#### [Exercise]
Give all of the listing again word for word, with images excluded.

#### [Dataset excerpt]
'''

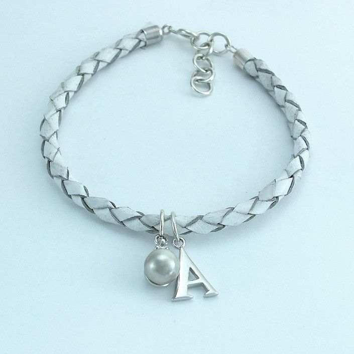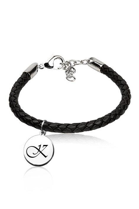 Náramek je vyroben z černé pletené kůže a zdoben stříbrným kolečkem. Na přívěsek lze vyrýt písmenko nebo krátký text a to z obou stran (rytí už je v ceně). Požadovaný text nám napište do poznámky v obědnávce.
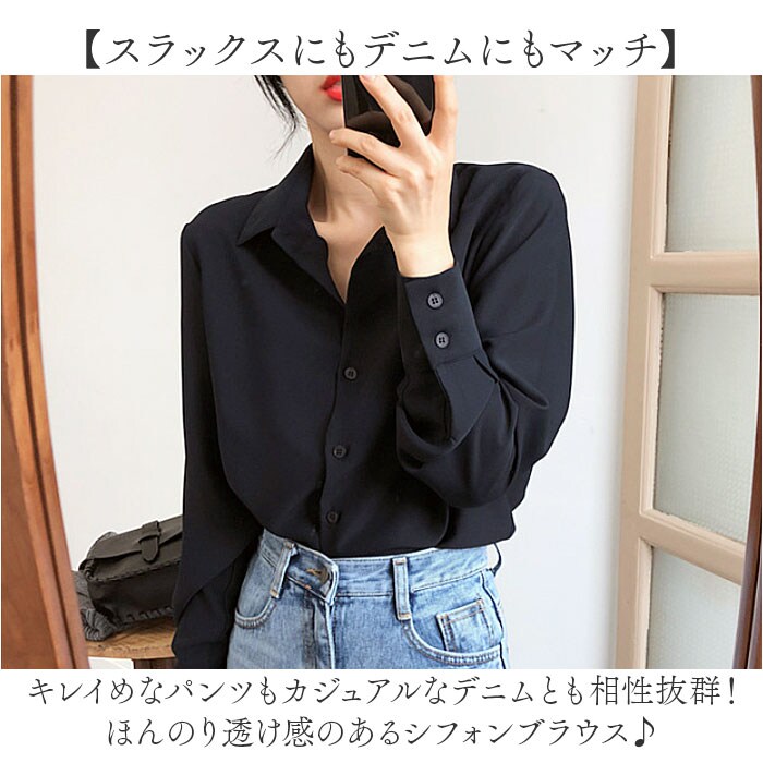 | 商品説明 | 【オフィスカジュアルスタイルに最適】落ち着きのある上品な雰囲気を演出。シンプルで着回しやすい「長袖ブラウス」。【合わせやすいベーシックデザイン】無駄な装飾を省いた、スタンダードなカタチ。襟付きできちんと感もプラス。【ロングシーズン、さらりと快適】薄手の軽やかな生地感で、季節を選ばない!春夏は襟元のボタンを開けてもおしゃれ♪【アレンジも楽しめる万能アイテム】そのまま1枚で着るもよし。ニットなどの下に仕込んで、レイヤードコーデも自在◎【スラックスにもデニムにもマッチ】キレイめなパンツもカジュアルなデニムとも相性抜群!ほんのり透け感のあるシフォンブラウス♪ |
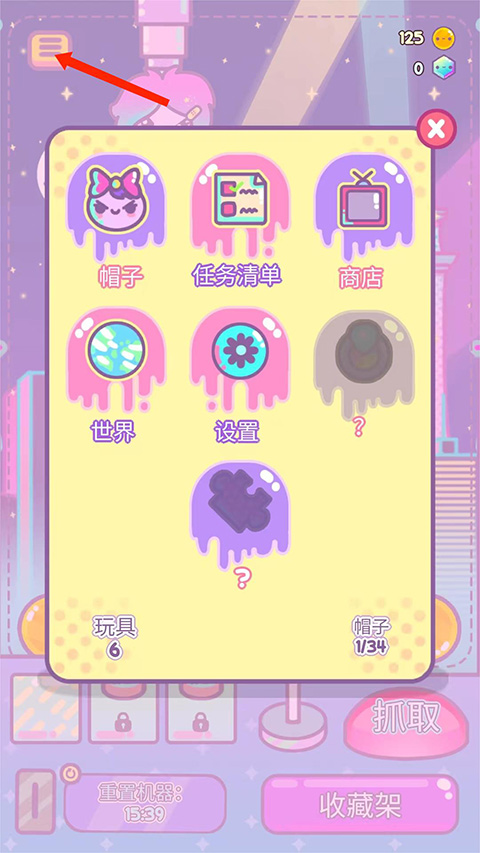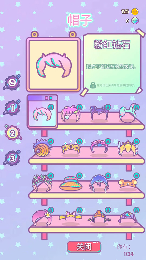 7、可看到不同样式的帽子装扮,可以通过抓取礼物球或者完成清单任务解锁获取,以上就是爪女孩的玩法了。
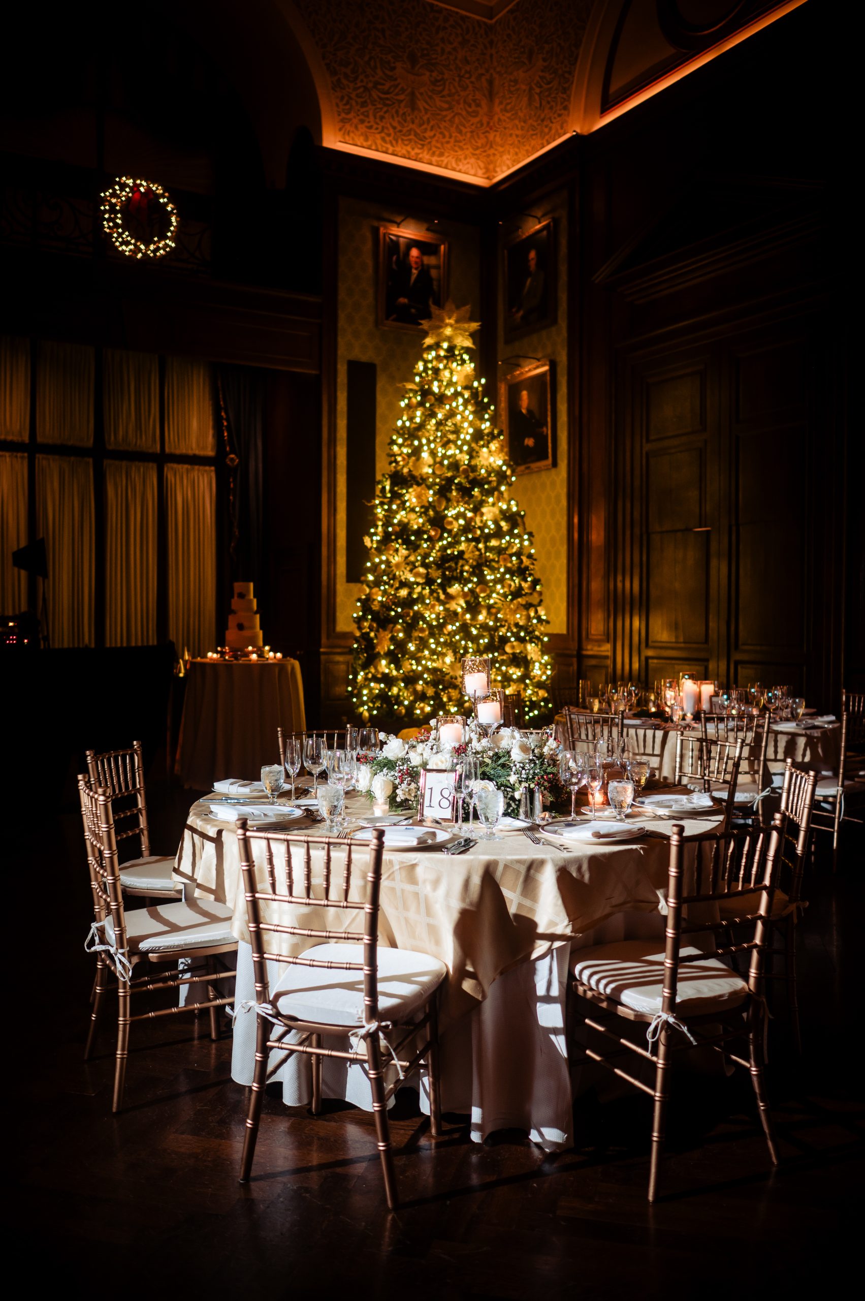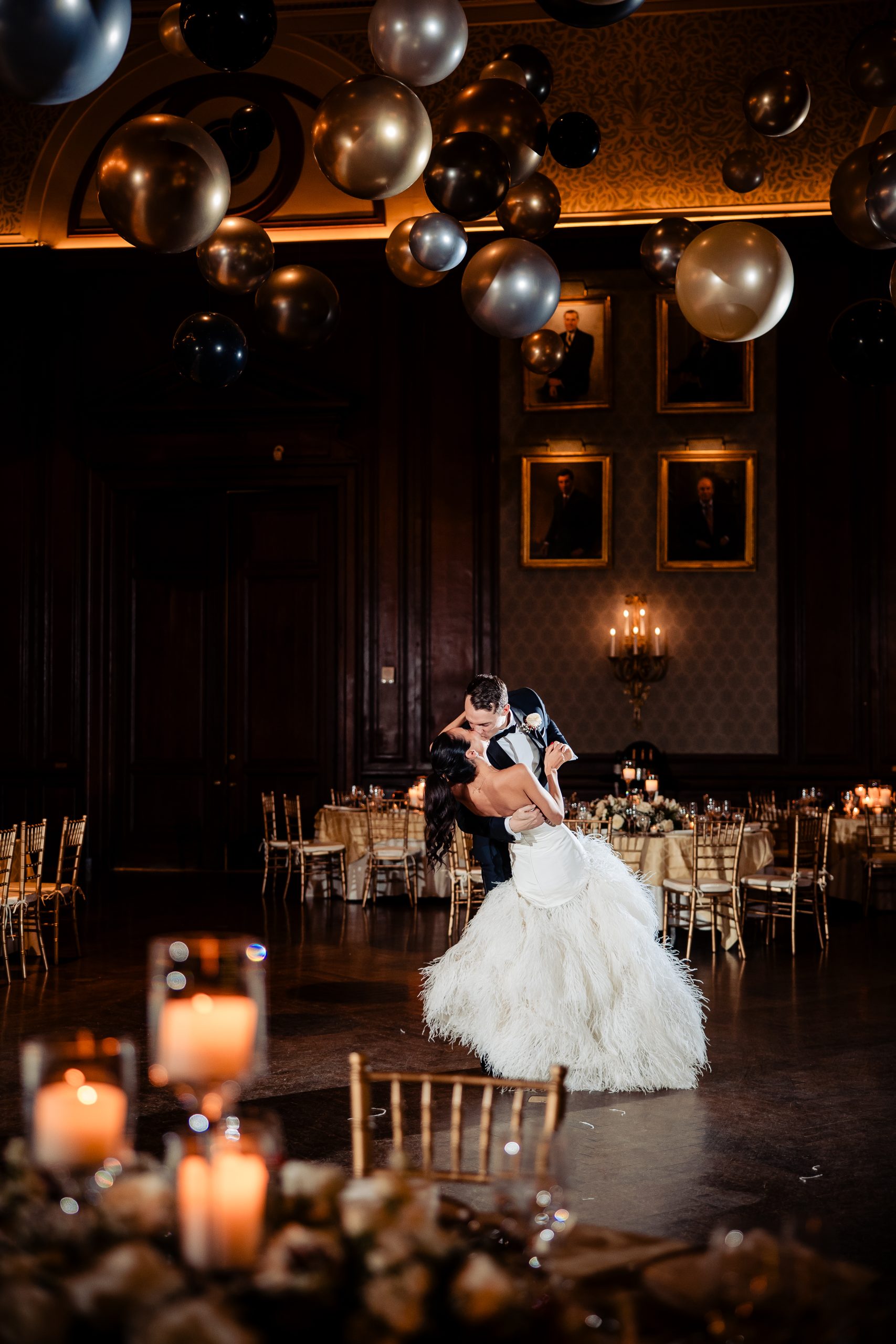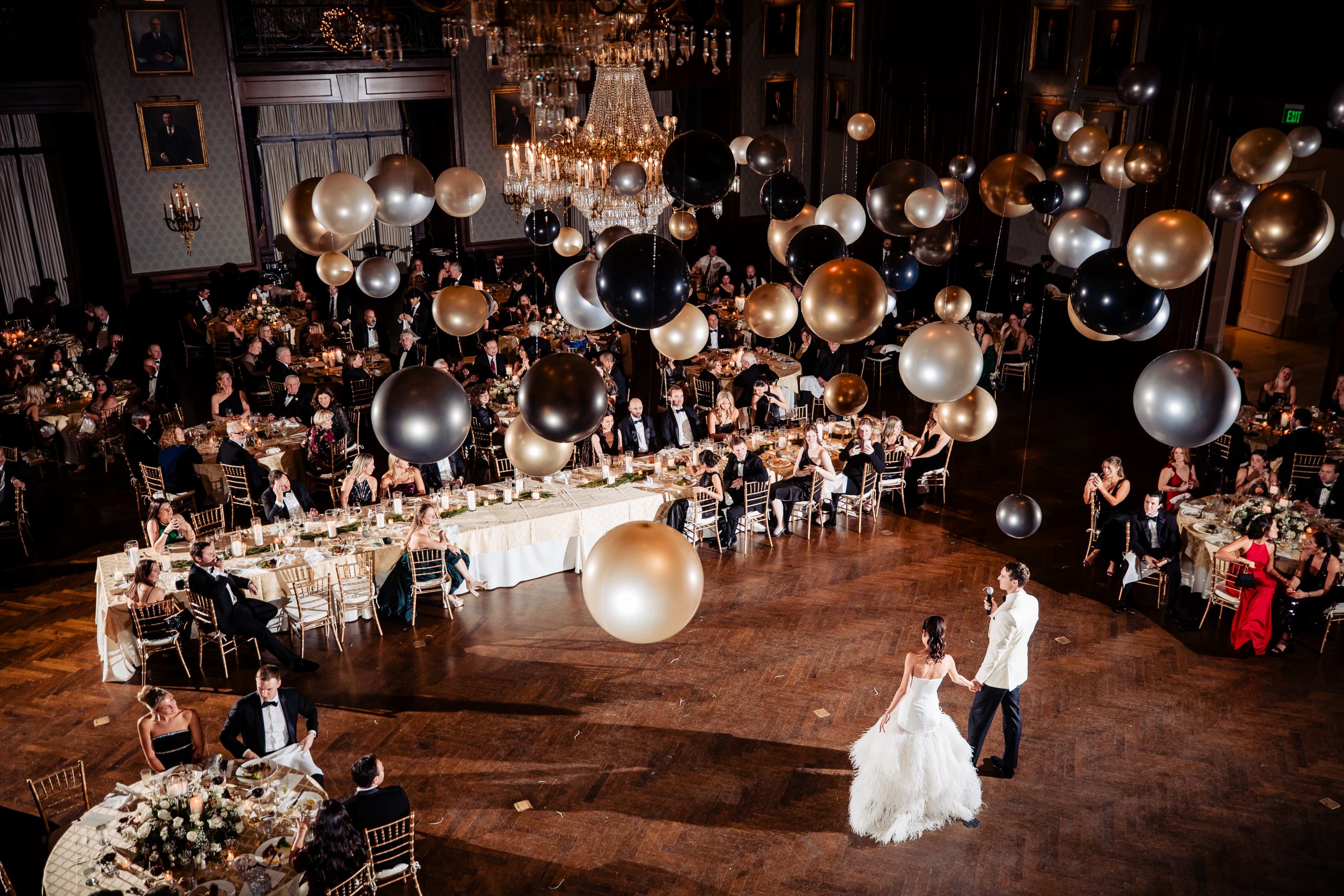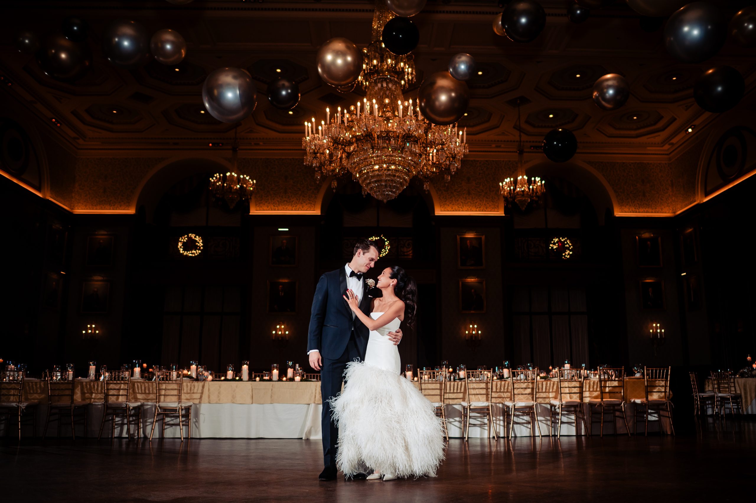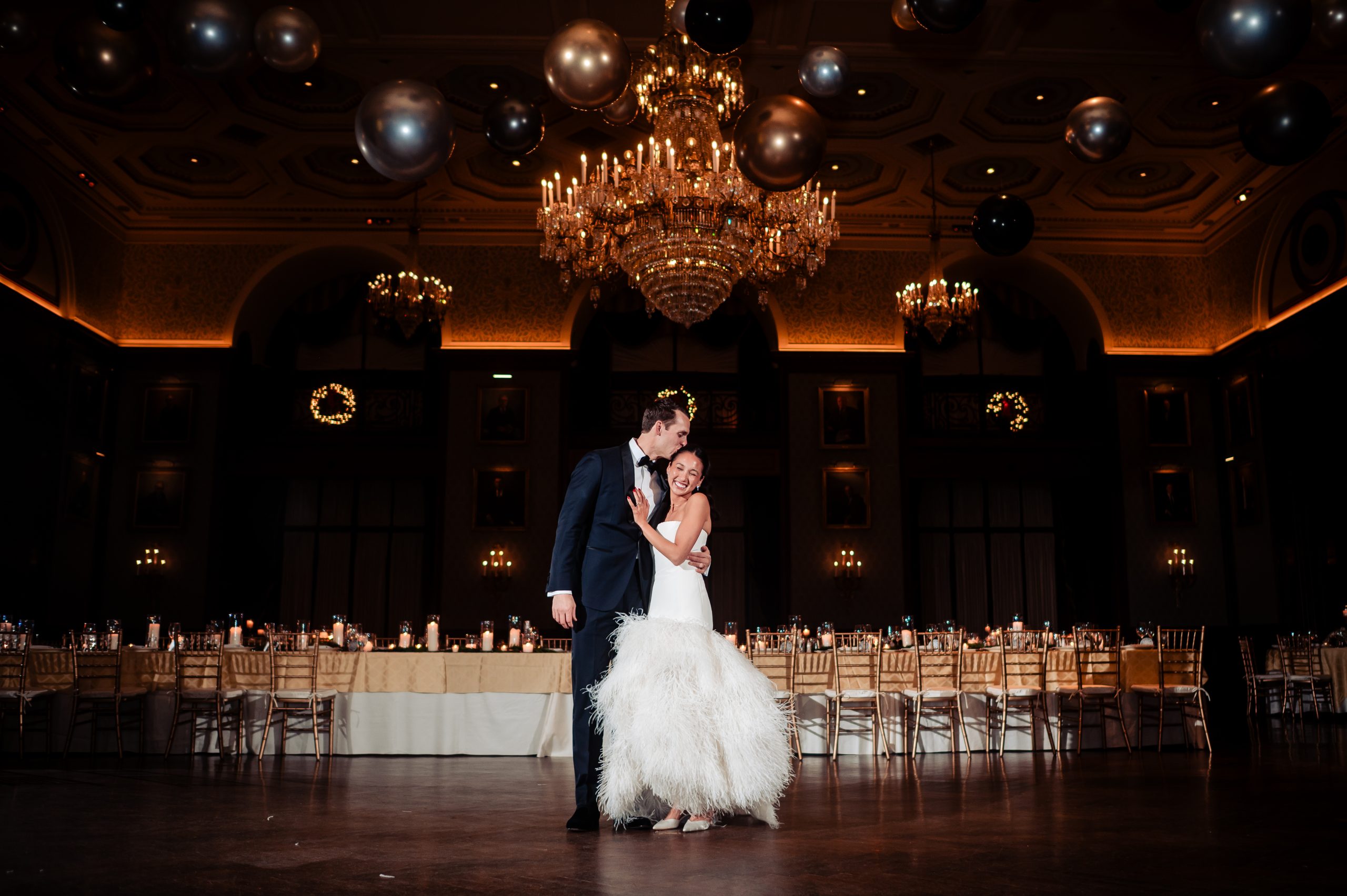 Following cocktail hour, guests moved into the Union League’s ballroom for the reception. Cream linens, gold chairs, and flickering candlelight created a warm and inviting setting. The black-tie dress code paired with metallic accents gave the evening a subtle Gatsby-inspired feel, perfectly in tune with the excitement of New Year’s Eve.

'''

#### [Exercise output]
 Náramek je vyroben z černé pletené kůže a zdoben stříbrným kolečkem. Na přívěsek lze vyrýt písmenko nebo krátký text a to z obou stran (rytí už je v ceně). Požadovaný text nám napište do poznámky v obědnávce.
 | 商品説明 | 【オフィスカジュアルスタイルに最適】落ち着きのある上品な雰囲気を演出。シンプルで着回しやすい「長袖ブラウス」。【合わせやすいベーシックデザイン】無駄な装飾を省いた、スタンダードなカタチ。襟付きできちんと感もプラス。【ロングシーズン、さらりと快適】薄手の軽やかな生地感で、季節を選ばない!春夏は襟元のボタンを開けてもおしゃれ♪【アレンジも楽しめる万能アイテム】そのまま1枚で着るもよし。ニットなどの下に仕込んで、レイヤードコーデも自在◎【スラックスにもデニムにもマッチ】キレイめなパンツもカジュアルなデニムとも相性抜群!ほんのり透け感のあるシフォンブラウス♪ |
 7、可看到不同样式的帽子装扮,可以通过抓取礼物球或者完成清单任务解锁获取,以上就是爪女孩的玩法了。
 Following cocktail hour, guests moved into the Union League’s ballroom for the reception. Cream linens, gold chairs, and flickering candlelight created a warm and inviting setting. The black-tie dress code paired with metallic accents gave the evening a subtle Gatsby-inspired feel, perfectly in tune with the excitement of New Year’s Eve.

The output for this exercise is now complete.